### Provided records

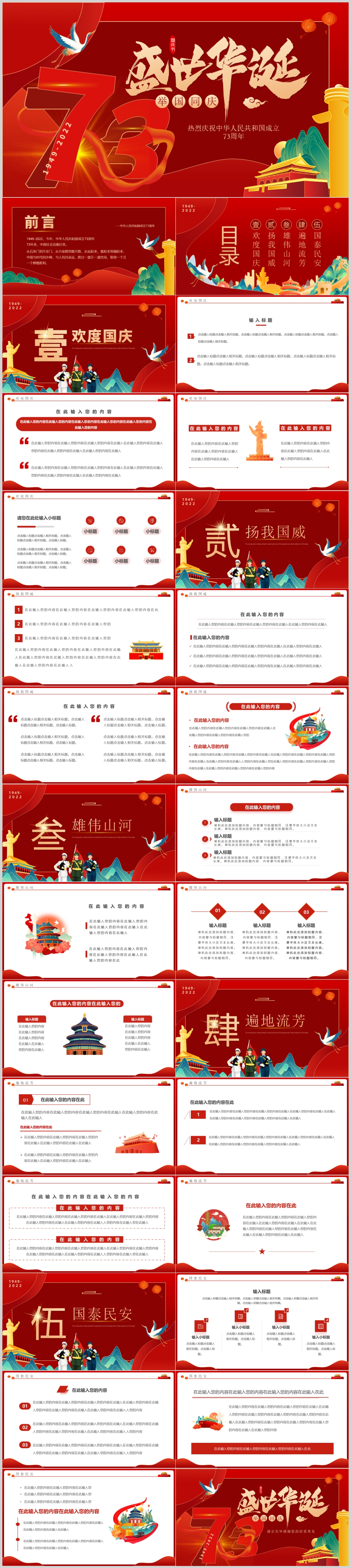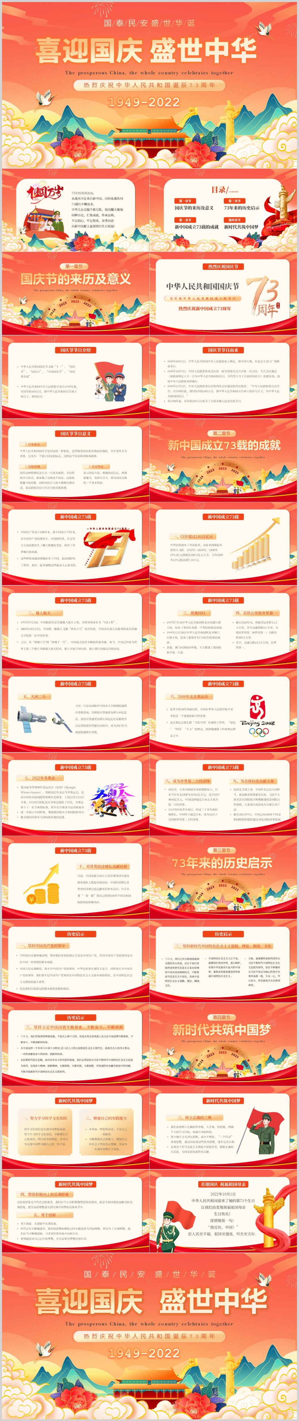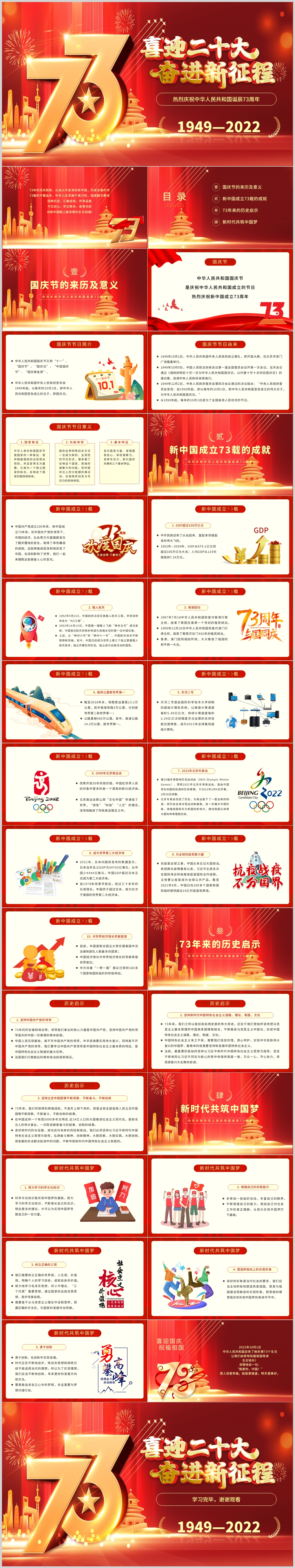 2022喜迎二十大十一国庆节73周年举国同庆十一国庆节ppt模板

######
### Provided records

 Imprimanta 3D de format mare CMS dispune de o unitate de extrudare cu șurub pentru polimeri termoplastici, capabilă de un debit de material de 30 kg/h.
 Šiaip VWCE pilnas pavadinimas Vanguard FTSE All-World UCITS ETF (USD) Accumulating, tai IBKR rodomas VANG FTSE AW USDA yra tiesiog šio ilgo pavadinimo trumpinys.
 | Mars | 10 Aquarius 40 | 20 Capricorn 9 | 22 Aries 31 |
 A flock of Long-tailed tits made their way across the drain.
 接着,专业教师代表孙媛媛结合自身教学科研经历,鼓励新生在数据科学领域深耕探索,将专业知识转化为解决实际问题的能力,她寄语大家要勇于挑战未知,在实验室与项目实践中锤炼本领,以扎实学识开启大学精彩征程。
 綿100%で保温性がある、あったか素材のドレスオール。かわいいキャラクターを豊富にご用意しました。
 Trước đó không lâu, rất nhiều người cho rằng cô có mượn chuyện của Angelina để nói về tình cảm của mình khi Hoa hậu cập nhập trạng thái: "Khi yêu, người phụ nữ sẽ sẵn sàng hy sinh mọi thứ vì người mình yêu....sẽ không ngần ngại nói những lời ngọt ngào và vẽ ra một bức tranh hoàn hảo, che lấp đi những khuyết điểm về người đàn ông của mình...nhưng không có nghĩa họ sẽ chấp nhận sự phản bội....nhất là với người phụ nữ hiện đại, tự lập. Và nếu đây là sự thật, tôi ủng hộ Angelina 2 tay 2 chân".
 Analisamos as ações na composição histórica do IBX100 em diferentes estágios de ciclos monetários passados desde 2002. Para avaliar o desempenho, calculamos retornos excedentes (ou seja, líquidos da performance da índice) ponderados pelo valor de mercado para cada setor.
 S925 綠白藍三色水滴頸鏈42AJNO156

######

Your instructions: In the listing above, find the line with "Trước đó không" and the line with "S925 綠白藍三色水滴頸鏈42AJNO156"; set down exactly those two lines and every line between them, nothing more.

Result:
 Trước đó không lâu, rất nhiều người cho rằng cô có mượn chuyện của Angelina để nói về tình cảm của mình khi Hoa hậu cập nhập trạng thái: "Khi yêu, người phụ nữ sẽ sẵn sàng hy sinh mọi thứ vì người mình yêu....sẽ không ngần ngại nói những lời ngọt ngào và vẽ ra một bức tranh hoàn hảo, che lấp đi những khuyết điểm về người đàn ông của mình...nhưng không có nghĩa họ sẽ chấp nhận sự phản bội....nhất là với người phụ nữ hiện đại, tự lập. Và nếu đây là sự thật, tôi ủng hộ Angelina 2 tay 2 chân".
 Analisamos as ações na composição histórica do IBX100 em diferentes estágios de ciclos monetários passados desde 2002. Para avaliar o desempenho, calculamos retornos excedentes (ou seja, líquidos da performance da índice) ponderados pelo valor de mercado para cada setor.
 S925 綠白藍三色水滴頸鏈42AJNO156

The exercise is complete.